5     Biotransformation and kinetics
      Human data
      Thallium is rapidly absorbed (up to 80-100%) by the mucous membranes, after
      ingestion, inhalation, or contact with intact skin. A rapid distribution from blood
      to tissue follows absorption. Because of the similar ionic radii of thallium (I)
      and potassium, thallium can substitute for potassium in a variety of
      potassium-dependent transport processes such as the ‘active transport’ and,
      consequently, accumulate intracellularly. In humans, thallium is found to
      accumulate in kidneys, muscles, certain brain areas, and testicles (Kem91).
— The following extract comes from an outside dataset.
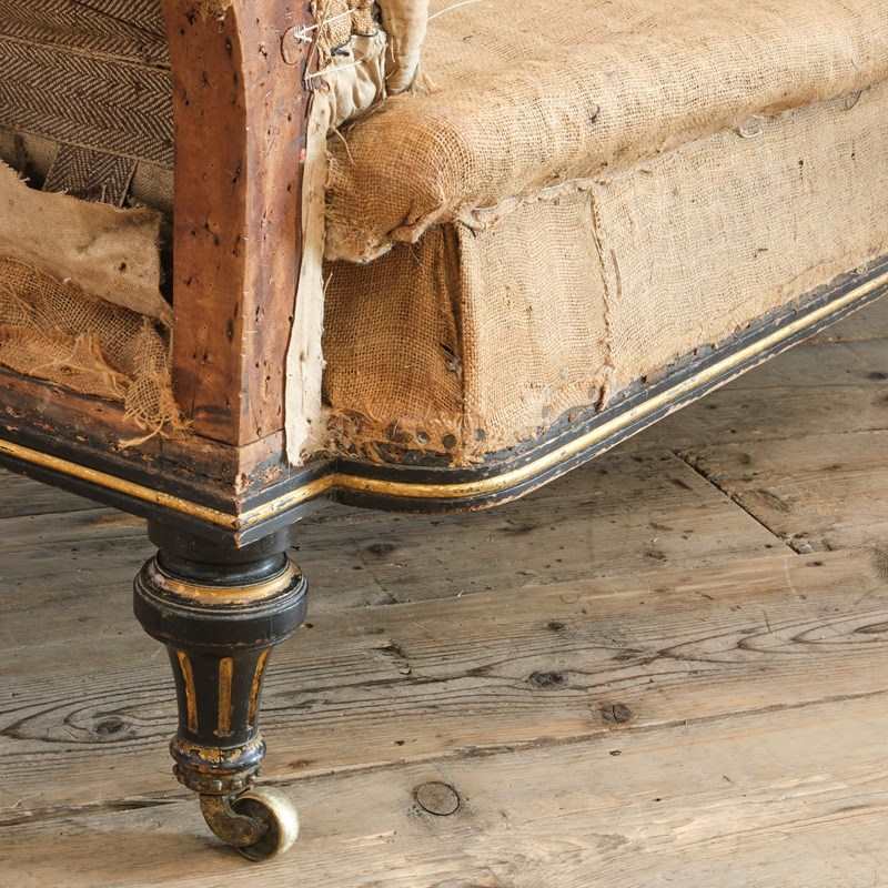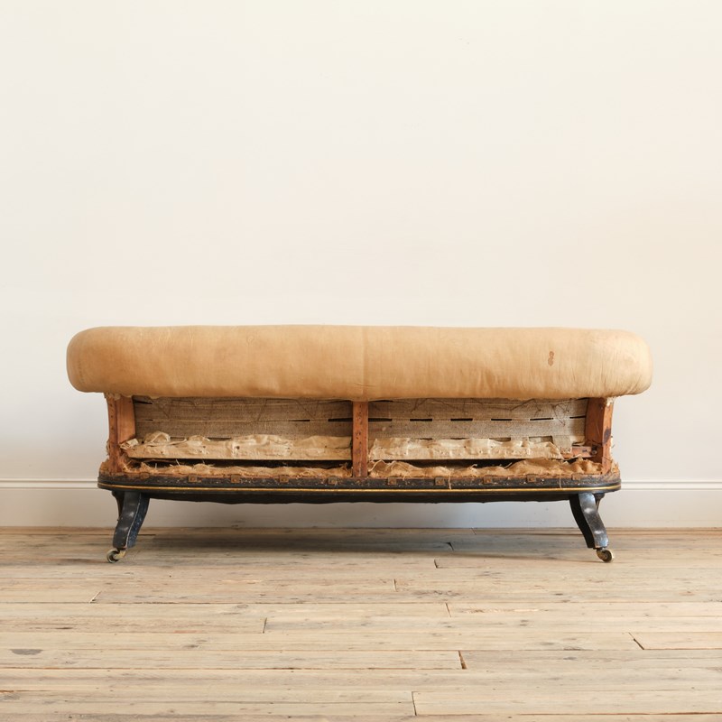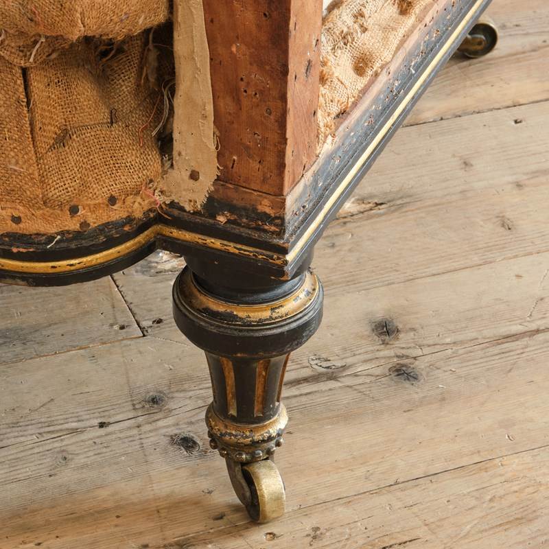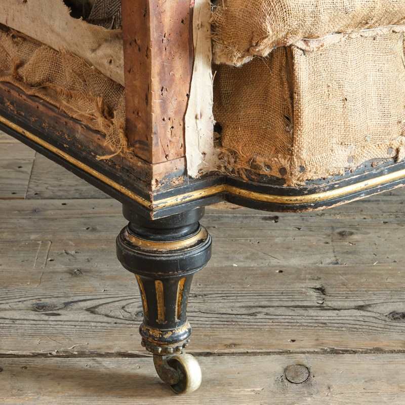 A 19th century country house chesterfield sofa by the renowned Holland & Sons of London. Raised on turned and fluted ebonized and Gilt turned front legs with outward splayed rear legs and all retaining the original brass casters. The left rear leg bearing the Holland & Sons makers mark. The walnut frame with ebonized and gild decorative trim. C1870

           Examination of a population living in Germany near a cement plant with
      thallium emission and of workers of that plant has been done over the period
      1979-1981. The frequency distributions of thallium content in blood, urine, and
      hair samples of 1980/81 showed a shift to higher values compared with those of
      unaffected areas. Nevertheless, the range of all results is distinctly different
      from the thallium concentrations in body fluids and hair found in acute thallium
      intoxications. Moreover, no individual result reached the urinary thallium level
      of 300 µg/L, suggested as the threshold value for factory workers (Kem91).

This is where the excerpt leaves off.